Ces trois transformations sont respectivement représentables par :

1- (S) : Il, (le prophète), (O) : la mort.

Donc, l’énoncé d’état serait du type : (SUO). 2- (S1) : Je (la narratrice), (O), la sieste.

Donc, l’énoncé du faire serait du type (S1UO) → (S1∩O), où le sujet est d’abord disjoint de l’objet et par la suite, il lui est conjoint à travers le faire transformateur, effectué par un méta sujet opérateur (S2), qui dans ce cas serait la narratrice, libérée de la passion amoureuse pour l’Aimé :

« Au niveau de la manifestation actorielle, S1 et S2 renvoient au même personnage, l’on aura un faire réflexif, au cas contraire, il s’agira d’une action transitive (…) Le type de rapport entretenu entre la structure actancielle et la structure actorielle qui détermine, comme des cas-limites, tantôt l’organisation réflexive des univers culturels, et qu’une même syntaxe est susceptible de rendre compte de la narrativisation socio-sémiotique (mythologie et idéologies) » (Greimas, 1973 : 19).

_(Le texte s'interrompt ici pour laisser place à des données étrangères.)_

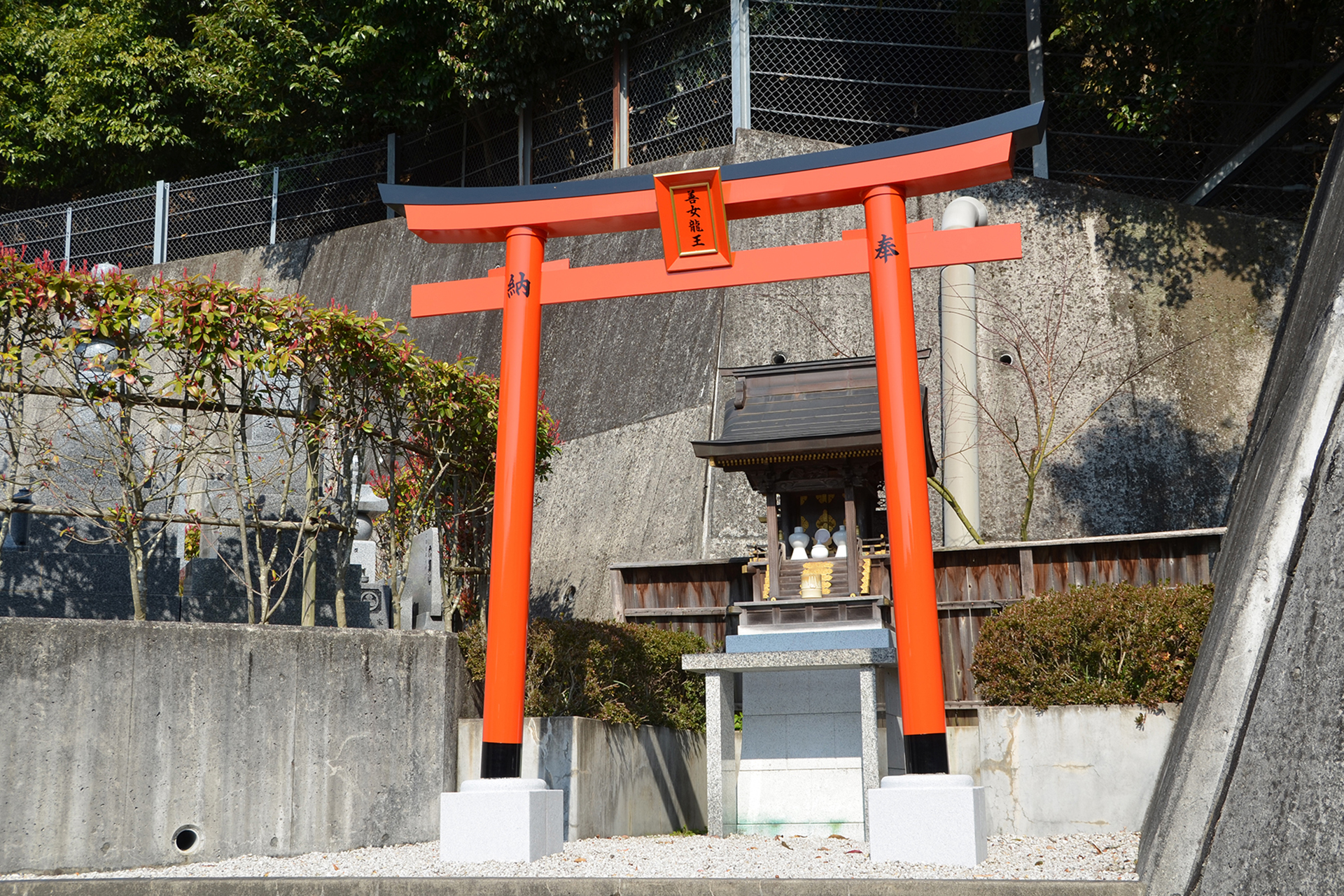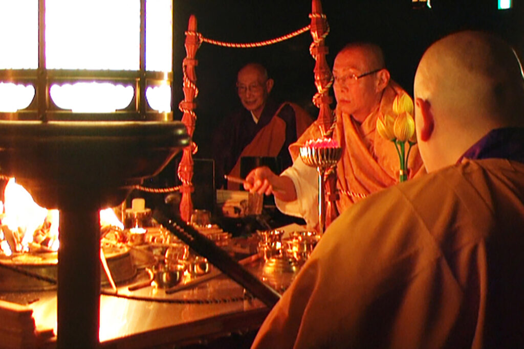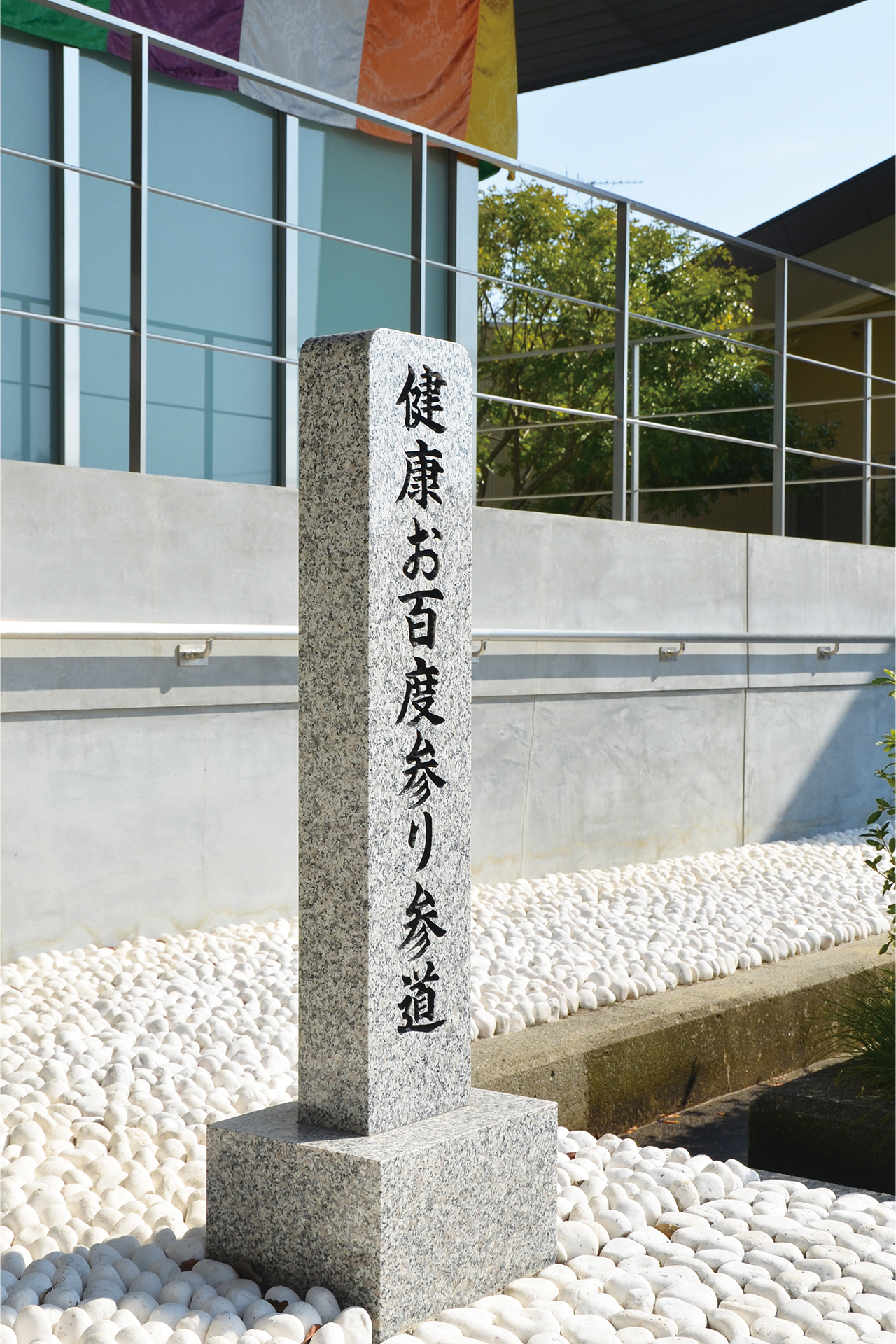 本 堂 側壁は総ガラス張りで空中に浮かぶお浄土をイメージされており、優美な大屋根と相まって全国でも類をみない美しく、近代的かつ重厚な姿となっています。御堂内には大変歴史のある金剛界・胎蔵界の曼荼羅が祀られており、また永代供養のための法燈が灯され、檀信徒の願いを叶えてくれる身代り千躰大師が奉納されています。 護 摩 堂 本堂内より石畳の階段を下りると目にも眩しい 光床ひかりゆか が現れます。地下にある護摩堂は大変珍しく幻想的です。ご本尊は五大明王で中央に鎮座する不動明王、東方が降三世明王、南方が軍荼利明王、西方が大威徳明王、北方が金剛夜叉明王。いずれも憤怒の形相で圧倒的な存在感がお参りする方々を必ず助け上げて幸福にするぞと迎えてくださいます。一月の初護摩、二月の節分会(星供)に護摩炊きを行います。 龍 神 当山の北東には龍神様が祀られています。お寺の建設にあたり、当地の神様をお祀りすることと鬼門を封じるため、この場所に祀られています。 健康お百度参り お百度参りは、願いを叶えてもらおうとする仏様や神様に、百回お参りして祈願することです。お百度は修行の一つで、精神を集中させ雑念を持たず、一心に祈りながら参ることで仏様からのご加護が得られます。また、足は第二の心臓と呼ばれており、足裏も全身に刺激を与えて健康を維持しているといわれています。当山の健康お百度参りは白石を敷きつめてありますので、ぜひお試しください。 会 館 ご参拝の休憩所として会館を開放しています。 駐 車 場 地下に21台駐車可能です。バリアフリーで、本堂、護摩堂、境内墓地へはエレベーターとスロープでお参りいただけます。きれいに清掃されたトイレもバリアフリーでご利用いただけます。

3- (S1) : le père de la narratrice, (S2) : son rival, l’européen ; (O) : la peur.

Une relation dialectique par rapport à l’objet qui, en conjonction avec un (S1) se trouve naturellement disjoint de (S2). On parlera dans ce cas du « dédoublement du programme narratif » :

« Une narrativisation aussi simple (…) fait apparaitre (….) l’existence de deux programmes narratifs dont la solidarité est garantie par la concomitance des fonctions rend compte de la possibilité de manifester discursivement, c’est-à-dire de raconter ou d’entendre de même récit soit l’un soit l’autre des deux programmes » (Greimas, 1973 : 25).